Meditation is not always easy, in that it requires focus and that is a quality that is in short supply in our fast-paced world. But with a few pointers and an “inner-guided” partner, it can be both fun, beneficial, and creative if the basic principles are met.
To start – grab a partner. The “best” suited partners for meditation are someone of the opposite gender and with a soft voice. Its important that you feel comfortable with your partner and that one partner knows how to meditate and is willing to guide this meditation fluidly. In this way, partner one can influence and teach partner two and a “meditation partnership” is created.
Creating an atmosphere is the next step to preparing to meditate. Once you have a partner, create the most relaxing environment possible. You can use: Dim lights, candles, soft music, incense, or fragrant oils. The best way to sit is to use two chairs. Partners should be seated upright with their feet flat on the floor and they should be facing each other.

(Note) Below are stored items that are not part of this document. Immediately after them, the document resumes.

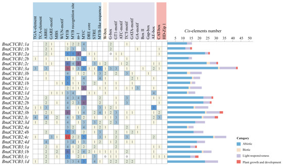 Cis-acting elements affected gene transcription and expression. The analysis showed that the promoter regions of CYCB genes contained a lot of cis-acting elements involving various biological processes. We excluded the components with general transcriptional regulatory elements (TATA-box, CAAT-box, AT~TATA-box), non-Brassicaceae elements, and uncertain function elements and then divided the remained elements into four categories: abiotic, biotic, light response, and growth and development elements. The abiotic response category was the largest, in which drought stress-responsive elements (MBS, MYB, MYC, MYB recognition site, MYB recognition site) were major and were found in most genes, revealing that BnaCYCB genes may be extremely sensitive to drought (Figure 4). Most BnaCYCB genes’ promoter regions contained hormone response elements, including abscisic acid (20), auxin (7), gibberellin A3 (7), and ethylene response elements (2). In addition, there was a major proportion of light response elements in BnaCYCB gene promoter regions (G-box, GT1-motif, ATC-motif, TCT-motif, GATA-motif, GA-motif, Box-II, Gap-box, AE-box) (Figure 4), suggesting the important role of BnaCYCB genes in B. napus growth.
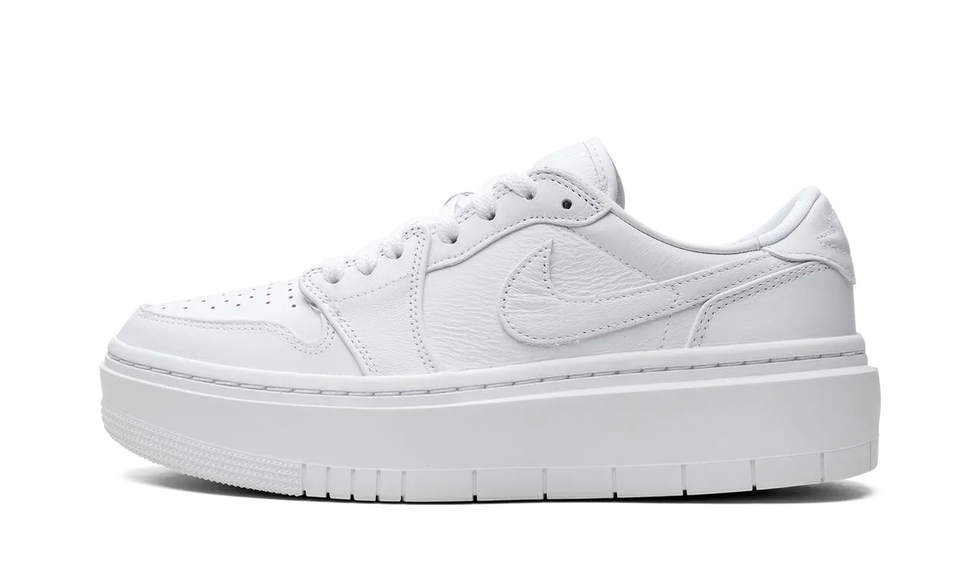 The Women's Air Jordan 1 Low Elevate "Triple White" is the women's-exclusive sneaker with a platform rubber sole in a monochromatic white colorway. The Jordan 1 Low Elevate provides the wearer with a boost in height with an exaggerated rubber sole. As for the rest of the shoe, the upper features a white leather construction that includes white leather overlays and Swoosh branding. A "bubble" "Wings" logo appears on the heel and white laces are layered over the tongue, completing the all-white-everything vibe. Release date: February 21, 2024
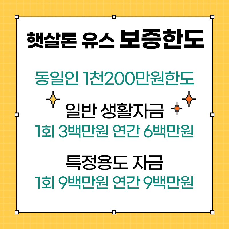 주의하실 점은 이 금액을 대출받고 모두 갚았다 하더라도 다시 대출이 안되니 참고하세요. 예를 들어 일반 생활자금으로 300만 원을 대출하고 모두 갚은 뒤라도 1천200만 원이 아닌 900만 원까지만 더 대출받을 수 있습니다.
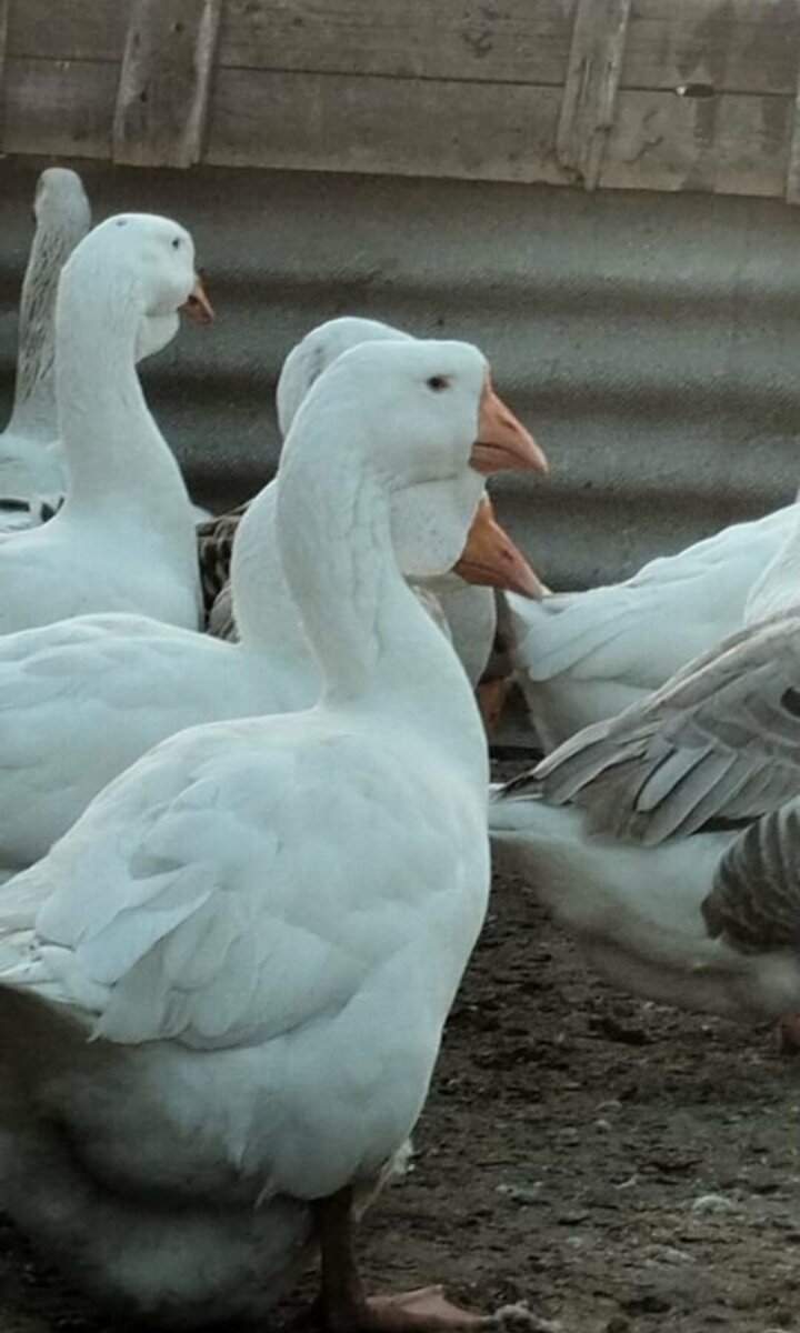 Каждый здоровый холмогорский гусак имеет сразу три примечательные фишки: 10-12 килограммам живой массы (жирное пузико в комплекте), большую шишку над клювом и карман — складку кожи, свисающую с верхней части шеи. И если внешний вид птицы вызвал у вас смутные ассоциации с мопсами и другими жертвами селекции, можете расслабиться, перед вами ребёнок двух известных пород — китайской и арзамасской. Обе любят за их выносливость и вкусное мясо. Неудивительно, что холмогорский гусь унаследовал от предков приличные размеры, крепкое здоровье и огромный срок жизни — до 17 лет! Ещё одну приятную особенность они получили в подарок от своего места рождения. Холмогоры, как и вся Архангельская область, хорошей погодой не балуют, зимы там весьма суровы. Вот и научились животные переживать любые холода. Самец начинает топтать дамочек только по достижении годовалого возраста, а пик его эффективности наступает на третьем году жизни. Гарем самца может вмещать до 4 самок, каждая из которых будет приносить

The next important factor in meditation is the breath. Focus your full attention on breathing. Breaths should be slow and air should be taken through the nose and exhaled through the mouth. Eyes should be closed.

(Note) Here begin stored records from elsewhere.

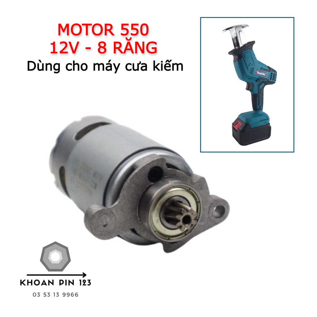 Động cơ, Motor 550 DC 21v 8 răng dùng cho máy cưa kiếm thông dụng
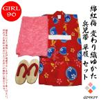 子供浴衣セット 90cm前後 1-2才 女児 浴衣 兵児帯 草履 16.5cm 3点セット 綿紅梅 レッド トンボ
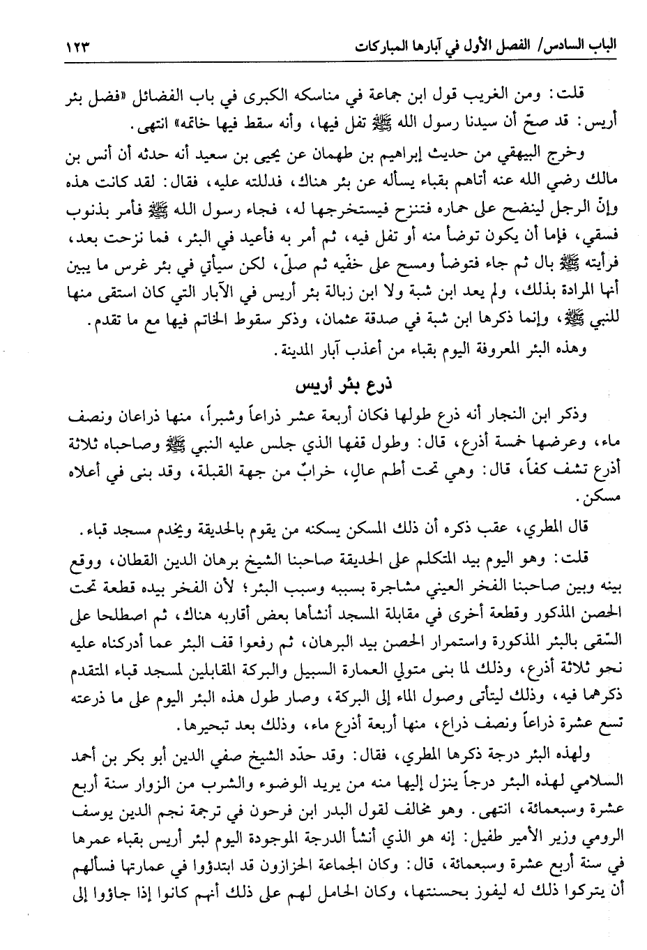 قلت: ومن الغريب قول ابن جماعة في مناسكه الكبرى في باب الفضائل «فضل بئر أريس: قد صحّ أن سيدنا رسول الله صلى الله عليه وسلم تفل فيها، وأنه سقط فيها خاتمه» انتهى.
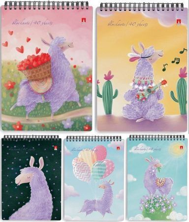 Блокнот на спирали А7 40л клетка "ЛАВАНДОВЫЕ ЛАМЫ" 5 видов 3-40-247 Альт 5 шт.

You are ready to start the Meditation with Your Partner
Partner One: “Visualize a bright white ball of light shining on you like the sun. Now, visualize that loving and healing light coming down on you through the top of your head.”
Partner Two: Concentrate on breathing, visualizing and feeling the “white light.”
Partner One: “Now, make the light go through every pore and cell of your body from the top of your head to the bottom of your feet.”
Partner Two: Feel the white light surrounding and entering you and visualize positive images and think good thoughts.
Partner One: “You can call upon this light as much as you need-it will always serve you and renew you. See the light lifting you upwards into the sky, sun, clouds, etc.” (on and on…).
Partner Two: Concentrate on the light and begin to let thoughts, images, ideas and feelings emerge naturally. Color is very powerful and healing and incorporate it whenever possible in the images.
The length of the meditation may go on for as long as both partners can sit. However, if partner two is starting to feel uncomfortable or is in pain, the meditation should come to a close at least for the first few meditations. Partners should switch places and partner two (who was meditating) should now get a chance to guide (partner one) into a unique and relaxing meditation now that he/she is aware how it is done.
This type of simple meditation can have profound healing powers, as long as both partners enjoy the experience. This is not a marathon. Do this only as long as you feel comfortable and enjoy it. Then repeat it regularly. You can visualize your disease going away and you can learn to amplify your sensation of feeling strong and healthy.